»»

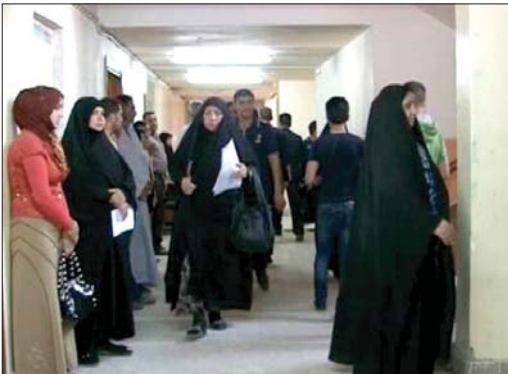
في اروقة المحاكم
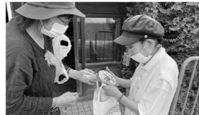
地域で様々な支え合い活動が実施されています。

協力金は500円からです。毎年、6月から募集の強化期間となっておりますので、ぜひご協力ください。
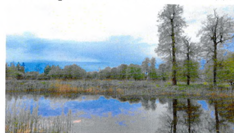
юго-восточная часть пруда
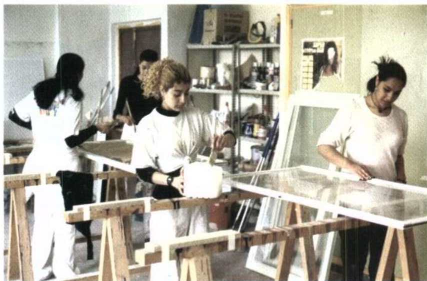
El volumen de mujeres gitanas inactiva supera el 70 por ciento.

pa. Así, según el Informe 2009 de la Agencia de la Unión Europea para los Derechos Fundamentales, en Hungría una compañía fue multada por negarse a contratar a tres candidatos a limpiadores por su origen gitano. Por su parte, una encuesta publicada en 2008 mostró que cerca del 41 por ciento de las grandes empresas de Lituania no contrataría a un apersona gitana. Y en lo que respecta a la República Checa, según el European Roma Rights Centre y la Roma Education Fund, el 80 por ciento de los alumnos de las escuelas especiales para niños con discapacidad de este país son gitanos, cuando éstos no padecen ninguna discapacidad mental.
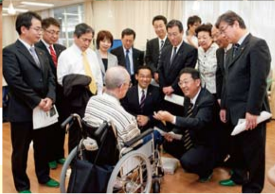
利用者のご意見を丁寧にうかがいました

人を超える公明議員が、課題が山積みの介護問題を改善するため、11月から12月にかけて「現場第一主義」で介護現場の実態を総点検する取り組みが始まりました。
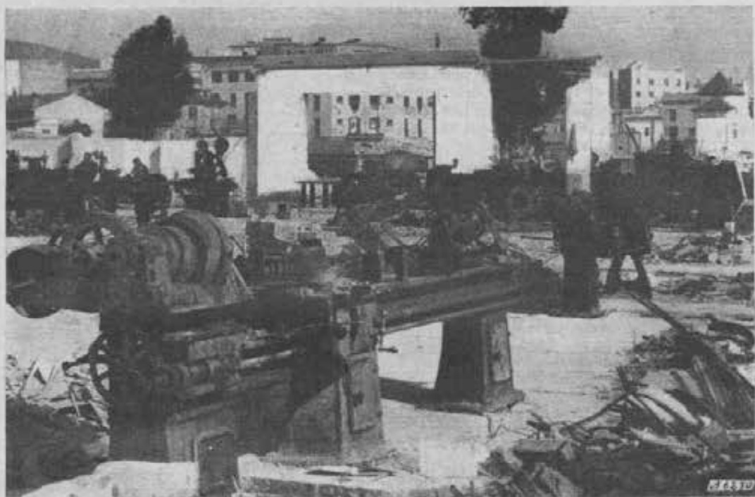
Sarrià-Barcellona - Uno dei laboratori devastati dai «rossi».
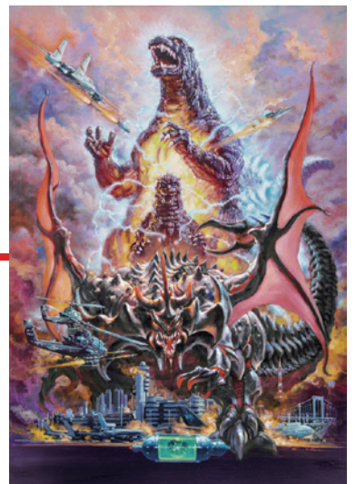
▲「ゴジラVSデストロイア」映画ポスター

ゴジラを描き続けたイラストレーター、生頼範義と開田裕治によるポスター原画やイラスト原画を最大規模で展示。最新描き下ろし、貴重なラフスケッチや橋本満明によるハリウッド版公開ポスター原画も公開。
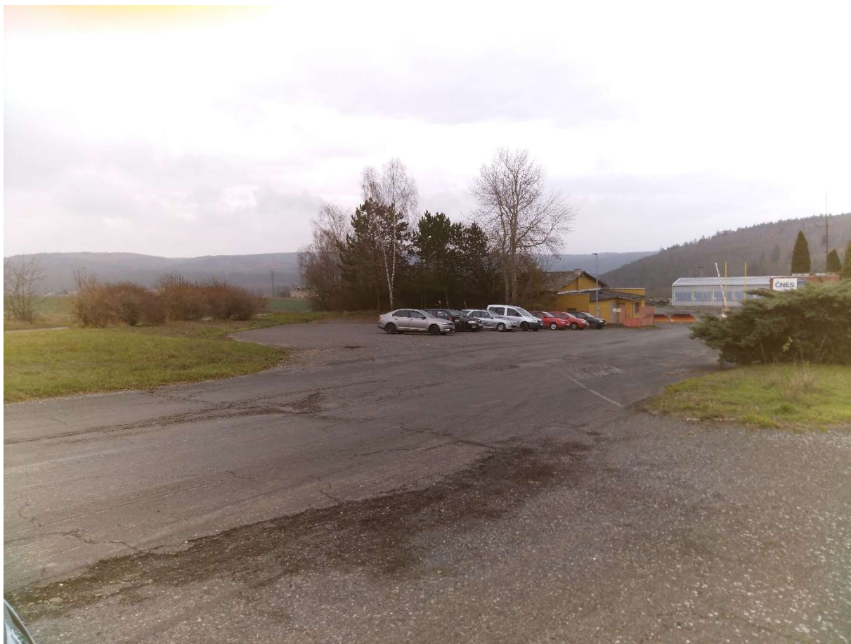
Obr.3. Správa a údržba silnic
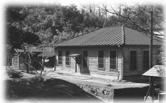
【野口英世が細菌検査に 従事した細菌検査室】
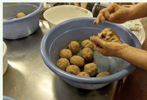
※昨年の講座の様子

キャンセル料 3日前から1,000円かかります。(参加費1,800円の返金はいたしません。)
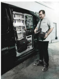
Wera 2go 1 - Narzędzia na zewnątrz
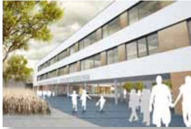
Gymnasium Höhenkirchen-Siegertsbrunn, Landkreis München
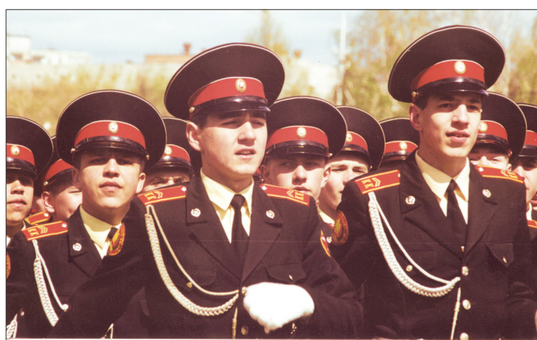
Учащиеся Норильского кадетского корпуса
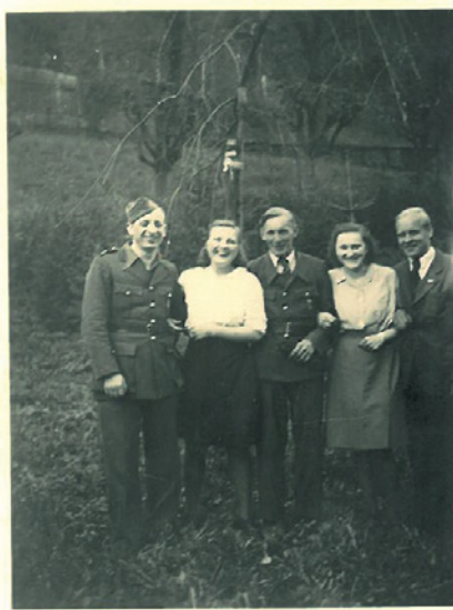
Belgičtí zajatci v Hostinném, večer dne 9. května 1945

Svobody jsme se dočkali 9. května 1945 ráno. Probudily nás zvuky motorek a tlumené údery na dveře. Všichni jsme se rychle nahrnuli k oknům. Viděli jsme muže, jak do přívěsů svých motorek nakládají kulomety. Byli to čeští partyzáni. Podle rudých pásek na rukávech jsme se později dozvěděli, že to byli příslušníci „Revoluční gardy“. Nejprve vyrazili uzamčené dveře na velitelství tábora, ale všechny německé strážce z lágru byly už pryč. Nikdo z nás nevěděl, kdy a kam se poděly. Potom byly otevřeny dveře u baráků zajatců a předána informace, že jednotky sovětského
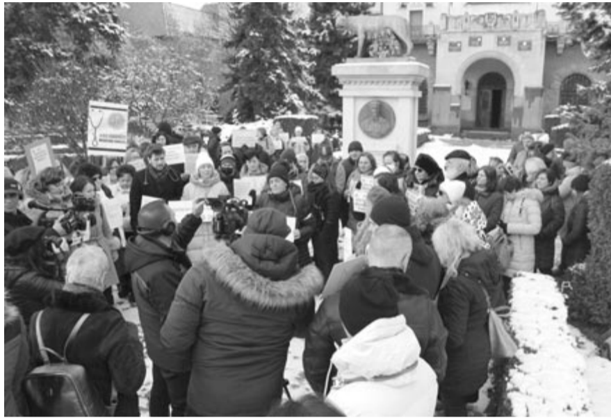
Marosvásárhelyen tüntető családorvosok
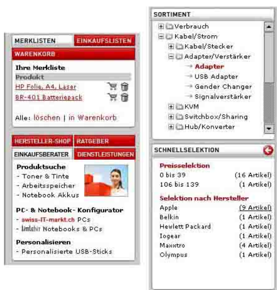
Abb.2: Merkliste, Sortiment, Schnellelektion

Es wurde eine vollständige Mehrsprachigkeit und Währungsfähigkeit bei absoluter gestalterischer Flexibilität bzw. Einbindung der vorgegebenen Corporate Design-Richtlinien des Unternehmens geschaffen.
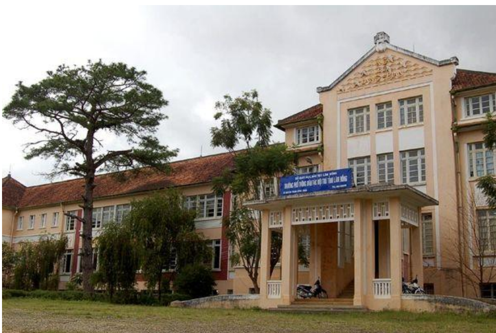
Nay là trường dân tộc nội trú tỉnh Lâm Đồng
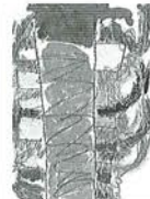
優秀賞「大火勢」 幼稚園: 坂向 野々
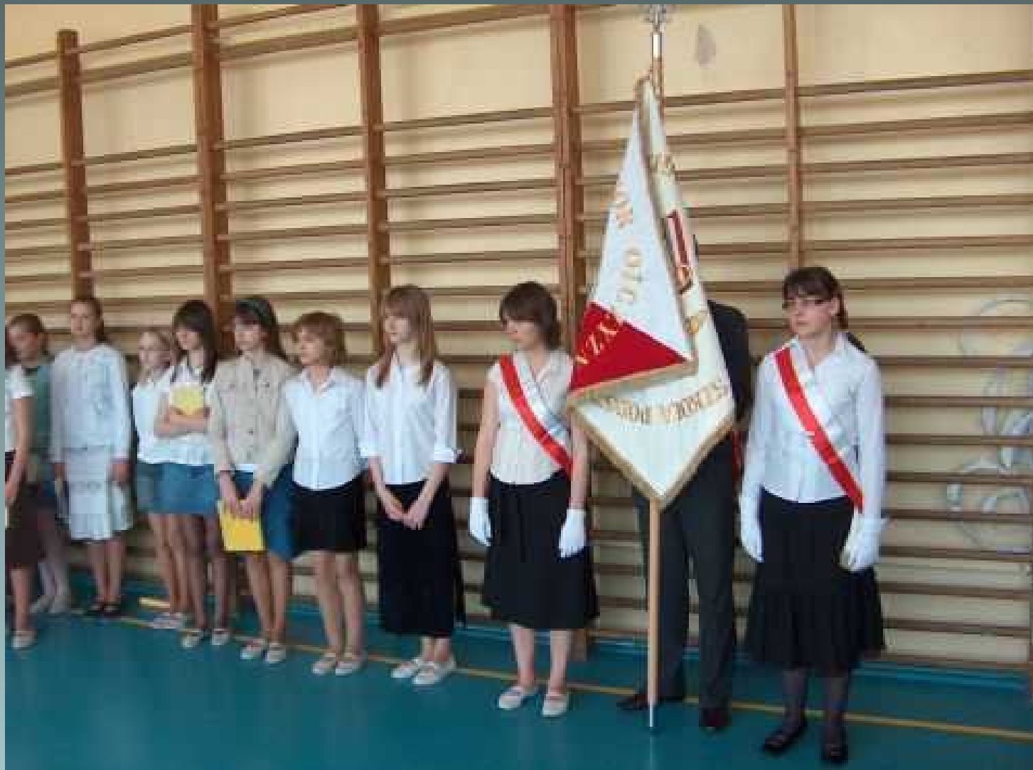
Koło dziennikarsko – teatralne apel z okazji rocznicy uchwalenia Konstytucji 3 Maja
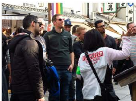
善光寺の説明をするメンバー

今後も外国人観光客のために、さらにガイド力を磨き、長野の魅力をとくさん伝えていきたいと思っています。
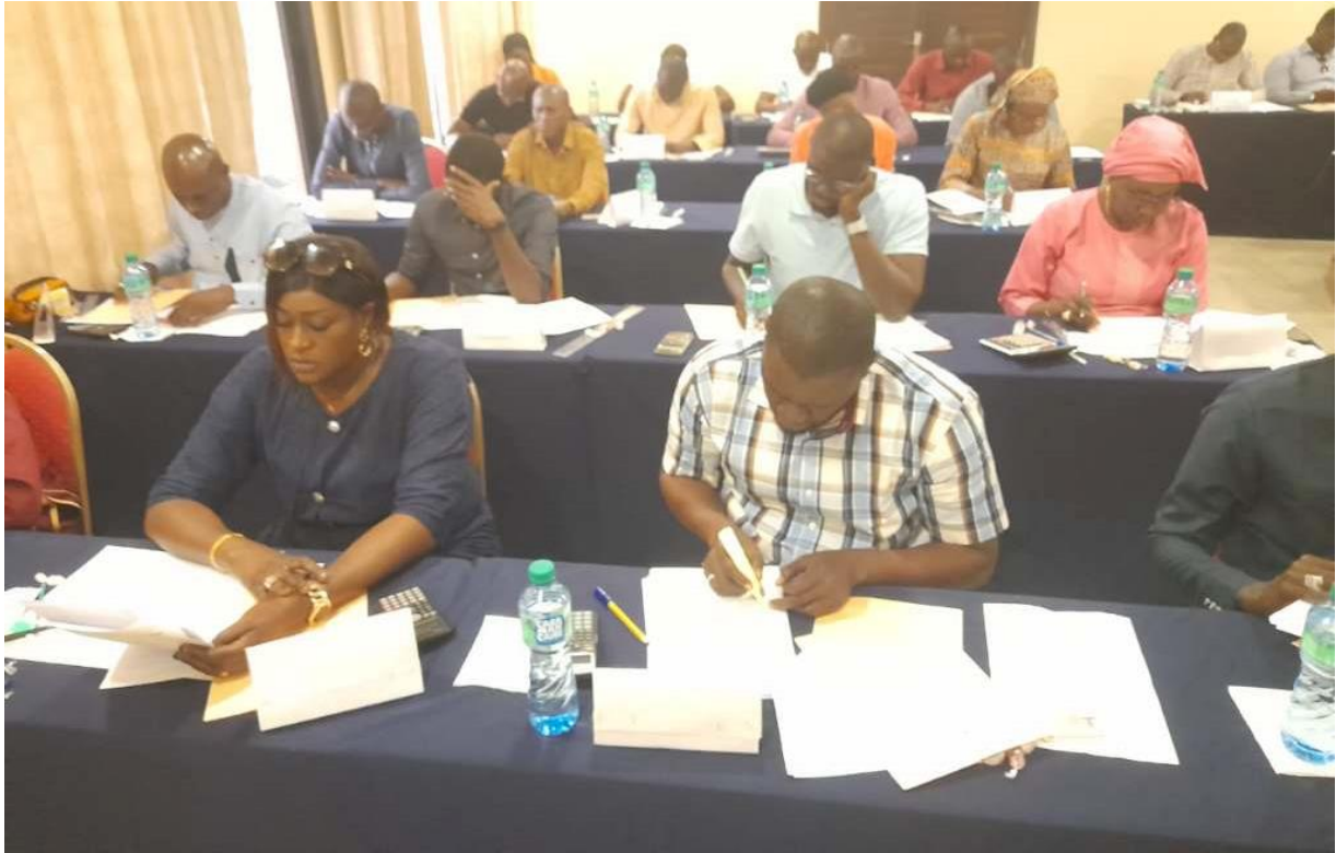
Photo des participants en salle d'examen

Dans l'ensemble les cours et les examens se sont très bien déroulés comme le témoignent quelques participants aux formations.
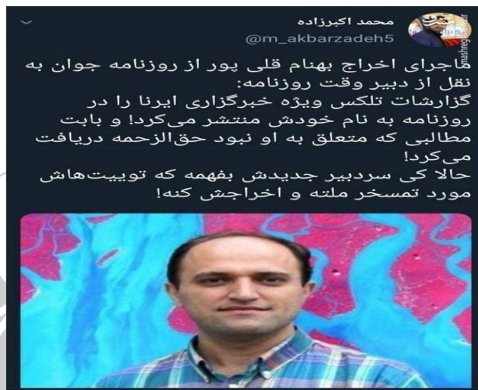
تصویر ۴۰- توییت درباره بهنام قلی پور
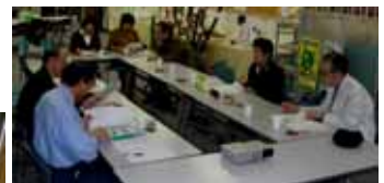
第10回・理事・幹事会(26)
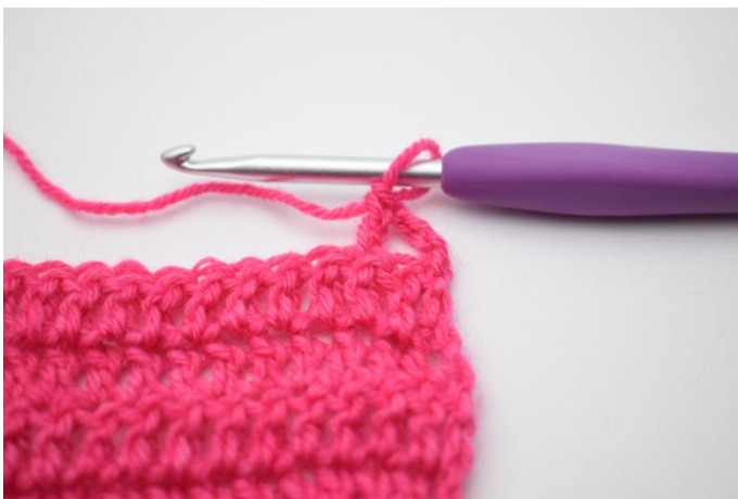
3. Lavora 1 ma.
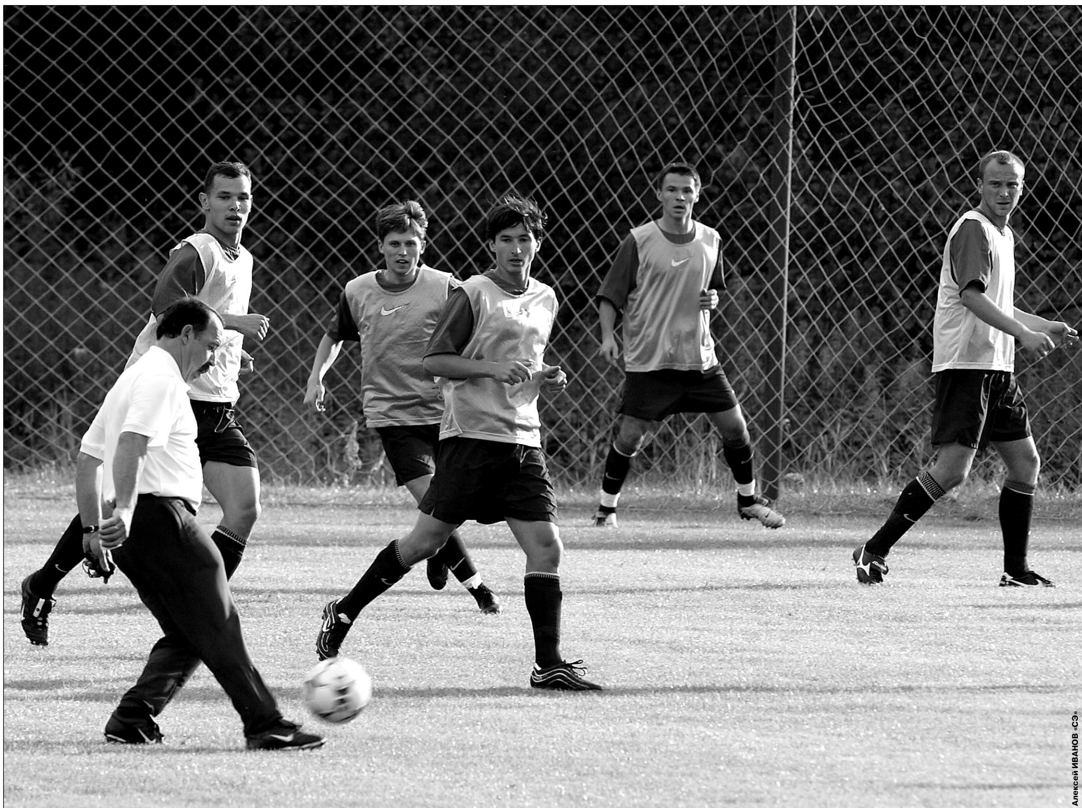
Вчера. Бор. Валерий ГАЗЗАЕВ проводит последнюю тренировку перед дебютным матчем новой сборной России.

В десятилетней истории российского футбола было пять национальных сборных, которые возглавляли Павел Садырин, Олег Романцев, Борис Игнатьев, Анатолий Бышовец и вновь Романцев. Сегодня свой первый матч проведет шестая по счету команда – Валерия Газзаев.
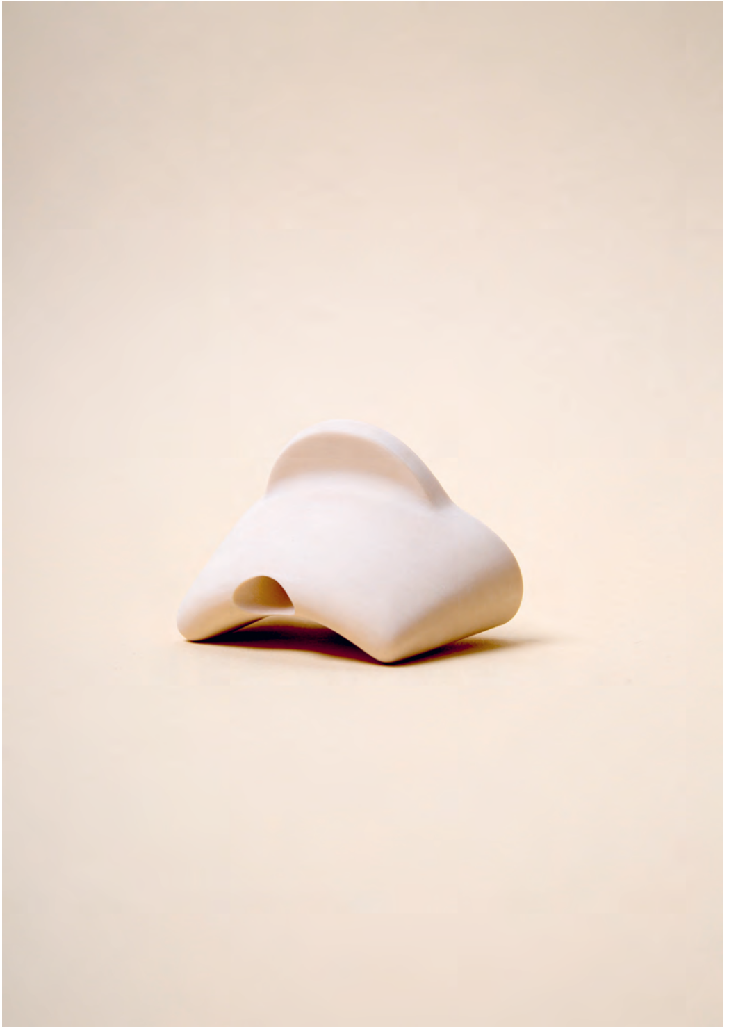
nude, 2017 Objekt/Anhänger Kunststoff 8×6,5×5,5cm
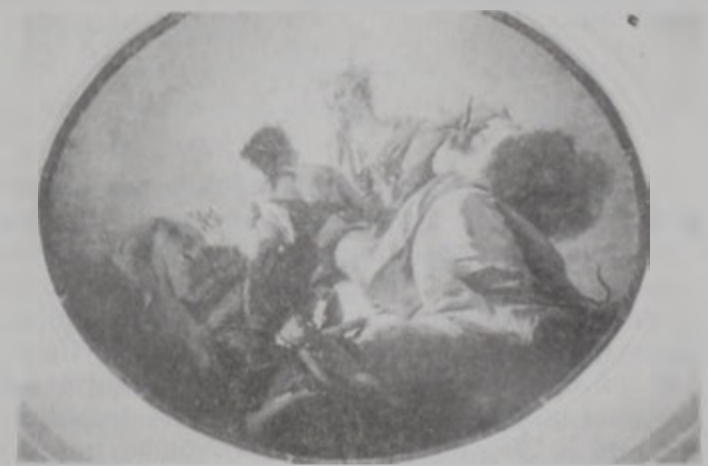
Մխիթարեան միաբանութեան գանձերն՝ Թիֆլիսի մէկ գլուխ գործոցը

Պ. - Մխիթարեան միաբանութեան Իտալիոյ մէջ ըլլալու իրողութիւնն ու միաբաններու եւրոպական կրթութիւնը ստանալու հնարաւորութիւնը մեծապէս օգտակար եղած են ոչ միայն հայ մշակույթի գանձերու հաւաքման ու պահպանման, այլեւ
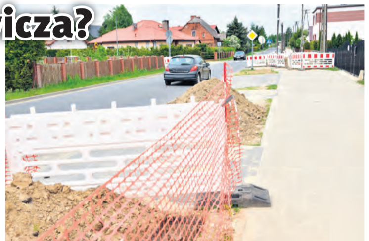
Po nieudanym remoncie ulica Mickiewicza objęta jest jeszcze okresem 5-letniej gwarancji. Z uwagi na to, ENEA Operator podpisał umowę z gwarantem. Przebudowę drogi realizowało Przedsiębiorstwo Budowy Dróg i Mostów ze Świecia.

W bydgoskim oddziale dystrybucji ENEA słyszymy, że zakres inwestycji obejmuje kablowanie istniejącej, napowietrznej infrastruktury elektroenergetycznej średniego napięcia 15 kV na terenie Tucholi, co wiąże się również
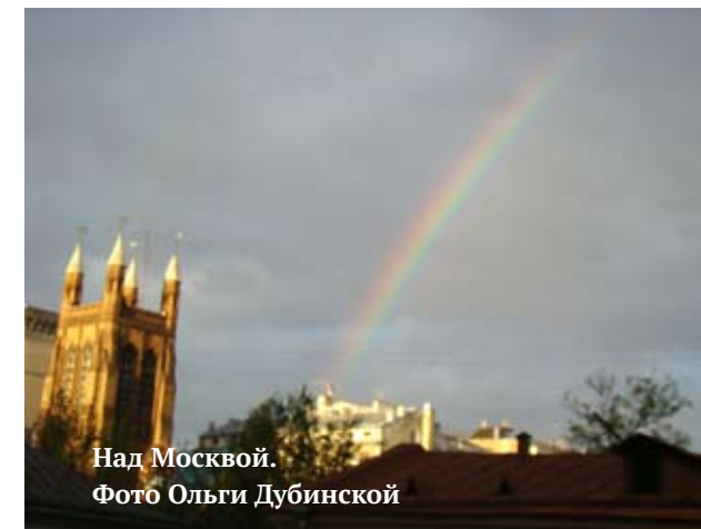
Над Москвой.
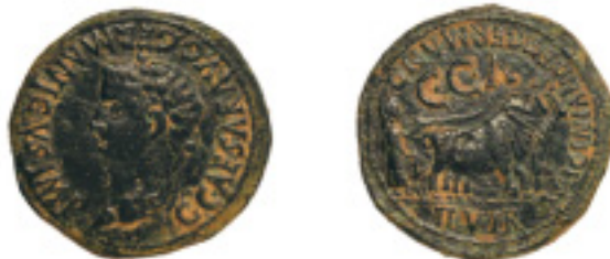
28. CAESARAUGUSTA. As. Calígula. AB-391. 12,04 g. Pát. oscura. MBC+ 250

««

== AIM OF THE TASK ==
Exactly the lines from the top of the entries through the line with "Belgičtí zajatci v", inclusive, must be given again, with every picture omitted.

== RESULT OF THE EXERCISE ==
في اروقة المحاكم
地域で様々な支え合い活動が実施されています。

協力金は500円からです。毎年、6月から募集の強化期間となっておりますので、ぜひご協力ください。
юго-восточная часть пруда
El volumen de mujeres gitanas inactiva supera el 70 por ciento.

pa. Así, según el Informe 2009 de la Agencia de la Unión Europea para los Derechos Fundamentales, en Hungría una compañía fue multada por negarse a contratar a tres candidatos a limpiadores por su origen gitano. Por su parte, una encuesta publicada en 2008 mostró que cerca del 41 por ciento de las grandes empresas de Lituania no contrataría a un apersona gitana. Y en lo que respecta a la República Checa, según el European Roma Rights Centre y la Roma Education Fund, el 80 por ciento de los alumnos de las escuelas especiales para niños con discapacidad de este país son gitanos, cuando éstos no padecen ninguna discapacidad mental.
利用者のご意見を丁寧にうかがいました

人を超える公明議員が、課題が山積みの介護問題を改善するため、11月から12月にかけて「現場第一主義」で介護現場の実態を総点検する取り組みが始まりました。
Sarrià-Barcellona - Uno dei laboratori devastati dai «rossi».
▲「ゴジラVSデストロイア」映画ポスター

ゴジラを描き続けたイラストレーター、生頼範義と開田裕治によるポスター原画やイラスト原画を最大規模で展示。最新描き下ろし、貴重なラフスケッチや橋本満明によるハリウッド版公開ポスター原画も公開。
Obr.3. Správa a údržba silnic
【野口英世が細菌検査に 従事した細菌検査室】
※昨年の講座の様子

キャンセル料 3日前から1,000円かかります。(参加費1,800円の返金はいたしません。)
Wera 2go 1 - Narzędzia na zewnątrz
Gymnasium Höhenkirchen-Siegertsbrunn, Landkreis München
Учащиеся Норильского кадетского корпуса
Belgičtí zajatci v Hostinném, večer dne 9. května 1945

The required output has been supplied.